After seeing all the bruhaha on the list about keyed-ness, I thought I'd
try my hand at it, to see if I could get any farther before running up
into the wall. :)

Here's my own list of questions...first, the main problem with keys, as I
see it, is that there is no guiding PDD or spec that describes how they
should work. As such, people can only learn from the code. And that's a
mess. While basic key support is there, lots of things are
half-implemented, or incorrectly implemented, and it's quite hard to get a
coherent picture. At least, imho.

Where are keys going to be stored? Currently, they exist only on the
system stack, and key_new and key_clone are unused. Will we eventually
have free-floating keys?
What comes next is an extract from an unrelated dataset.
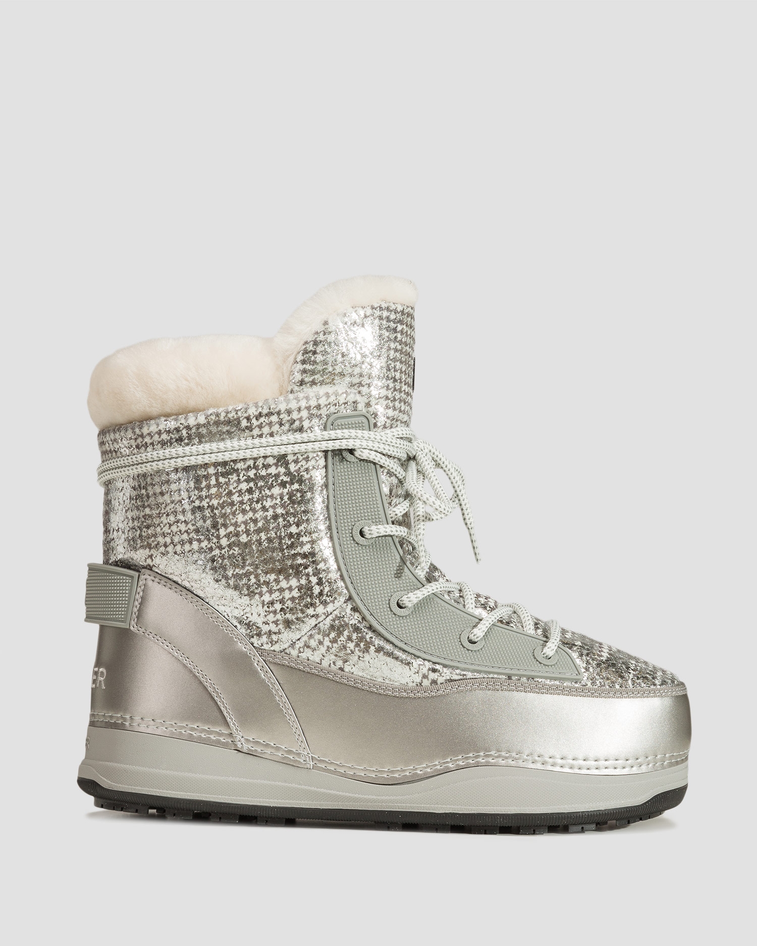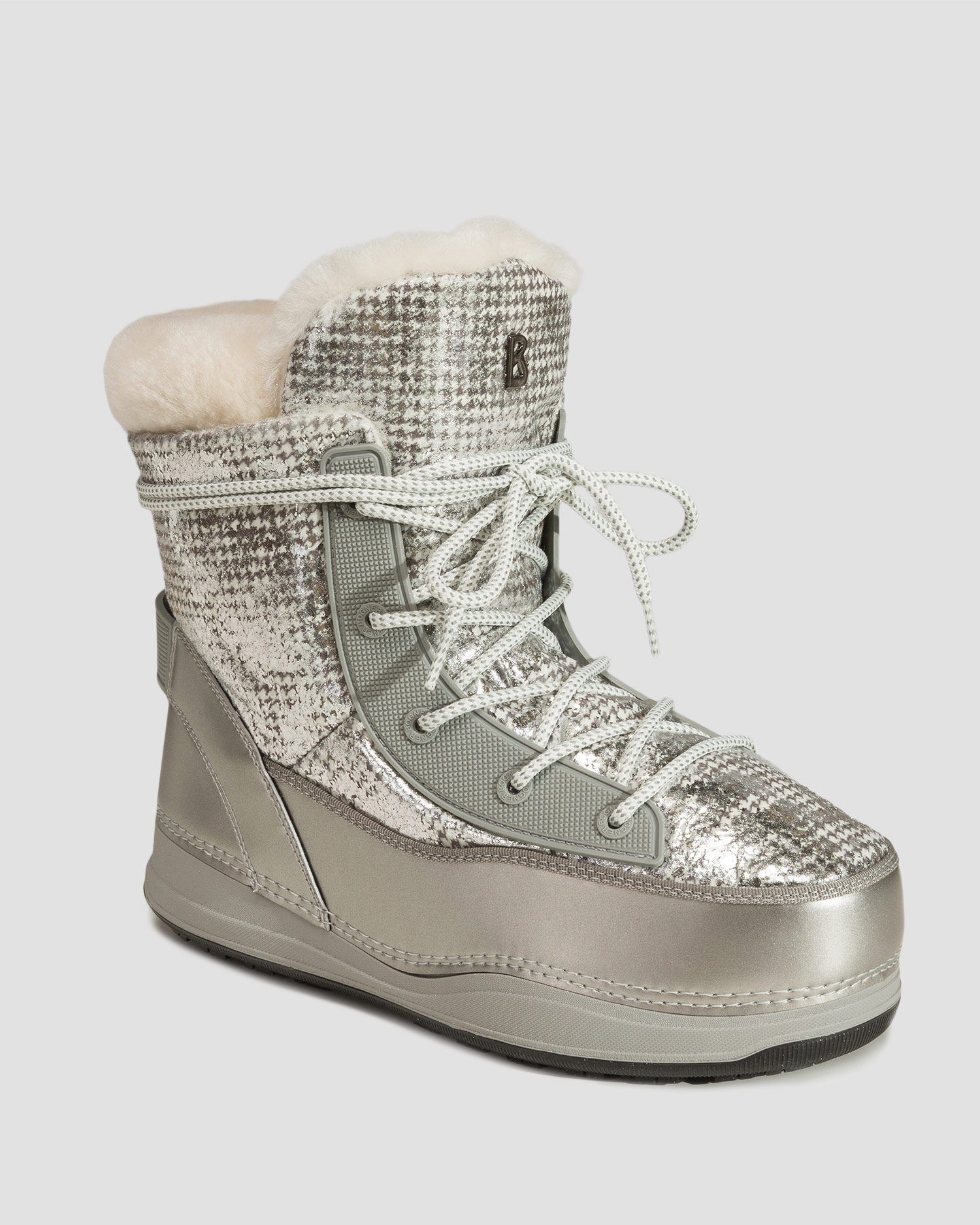 Dámske snehové topánky BOGNER Verbier 2 vo futuristickom štýle. Vyznačujú sa metalickým leskom a pepito vzorom. Ideálny návrh do zimného strediska počas apres-ski. Vysoký zvršok sa postará o maximálne pohodlie. Ozdobné šnurovanie umožňuje individuálne nastavenie šírky topánky.
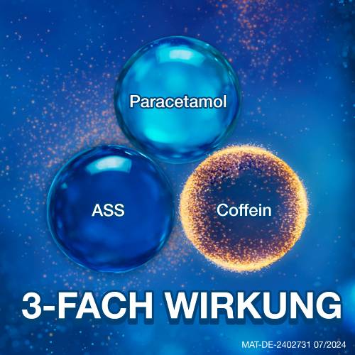 Wirkstoffe: Acetylsalicylsäure, Paracetamol und Coffein. Für Erwachsene und Jugendliche ab 12 Jahren bei akuten leichten bis mäßig starken Schmerzen. Warnhinweis: Bei Schmerzen oder Fieber ohne ärztlichen Rat nicht länger anwenden als in der Packungsbeilage vorgegeben!

Should we create support that causes them to be
stored in small-object pools?

I see that certain ops accept a type called KEY, which acts exactly like
INT. And I mean *exactly*. It pulls data from INT registers, and even the
'k' and 'kc' type translate into accesses that look exactly like 'i' and
'ic'.

Are we planning on having key creation and mutation operations? Where will
these keys be stored in order to operate on them? INT registers? (Sorta
how it is now, although it looks wrong). STR registers? (Means they need
to be headered, DOD'ed, and a larger per-key size). Will they get their
own registers, maybe only 8 deep?

What about the possibility for constructing/operating on keys using a Key
PMC. We could convert to/from real KEYs by using the PMC. This is
basically just a sidestep of the above problem.

Currently, I see:
set_keyed_integer:
PK*
PI*
*PI
*PK

set_keyed:
PS*
*PS
PN*
*PN

set:
PPPP

What's the point of set_keyed versus set_keyed_integer naming? There
doesn't seem to be any overlap at all, so set_keyed_integer could safely
be named set_keyed.

Can we safely remove "set PPPP", due to the relative inefficiency in
constructing dummy PMCs to call it? Wouldn't it be more efficient to split
the call into two "set PP*",and "setP*P" calls?